If a natural number is divisible by 7, then it must also be divisible by 21.
not true
e.g. 35 is divisible by 7 but not by 21
But ....
"If a natural number is divisible by21 , then it must also be divisible by 7" is true.
Can you see the logic behind the last statement ?
To determine if a natural number is divisible by 7, we need to check if the sum of the odd-placed digits minus the sum of the even-placed digits is a multiple of 7 or the number itself is divisible by 7.
However, to determine if a natural number is divisible by 21, we need to check if the sum of the digits is a multiple of 3 and if the number itself is divisible by 7.
Therefore, the statement "If a natural number is divisible by 7, then it must also be divisible by 21" is not true. A number can be divisible by 7 but not by 21.
To understand why a natural number that is divisible by 7 must also be divisible by 21, we need to consider the properties of divisibility.
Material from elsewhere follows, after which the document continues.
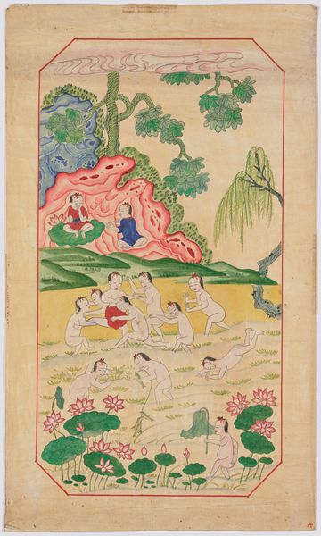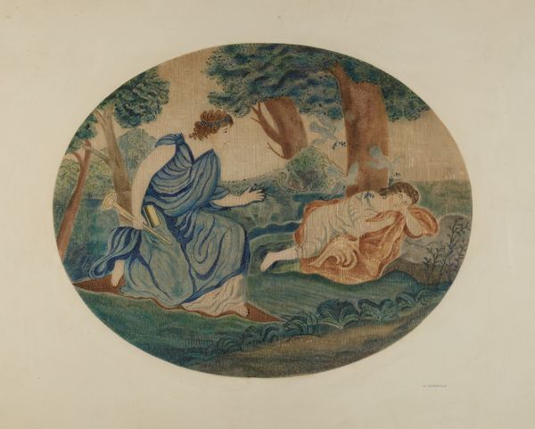 Lazar Rubinstein's "Bandbox Sections" presents us with a pastoral scene, evoking the leisurely pursuits of a bygone era, perhaps painted to decorate a container for personal keepsakes. Here, the prominent symbol is the hunt, represented by the figures, dogs, and horse, all recurring motifs throughout art history. The hunt is an allegory for pursuit, desire, and dominance, but also for the atavistic pleasure found in the conquest. Consider the classical Diana, goddess of the hunt, or the many tapestries depicting noblemen engaged in the chase. These are not merely images of sport, but powerful statements about societal structure. Now, observe the gathering of figures under the trees. This harkens back to Arcadian ideals, a longing for a simpler, more harmonious existence. The scene taps into a collective memory of a time when humans were more closely connected to nature. This longing, often subconscious, finds expression in art across centuries.

A number is said to be divisible by another number if it can be divided evenly without leaving a remainder. In this case, we are considering divisibility by 7 and 21.
Let's assume we have a natural number, n, that is divisible by 7. This means that n can be written as 7 multiplied by some integer k. We can express this as n = 7k.
Now, we want to show that if n is divisible by 7, it is also divisible by 21. To do this, we need to prove that n can be expressed as 21 multiplied by an integer.
Substituting the value of n from the previous equation into this equation, we get 7k = 21m, where m is some integer we want to find.
We can simplify this equation by dividing both sides by 7: k = 3m.
Now, we see that k is a multiple of 3, and we want to find a value of m such that 3m is equal to k.
Since k is a multiple of 3 (k = 3m), and we have already established that n = 7k, we can rewrite the equation as n = 7(3m).
Simplifying further, we get n = 21m, where m is an integer.
This equation tells us that if n is divisible by 7 (since n = 7k), it is also divisible by 21 (since n = 21m).
Therefore, we can conclude that if a natural number is divisible by 7, it must also be divisible by 21.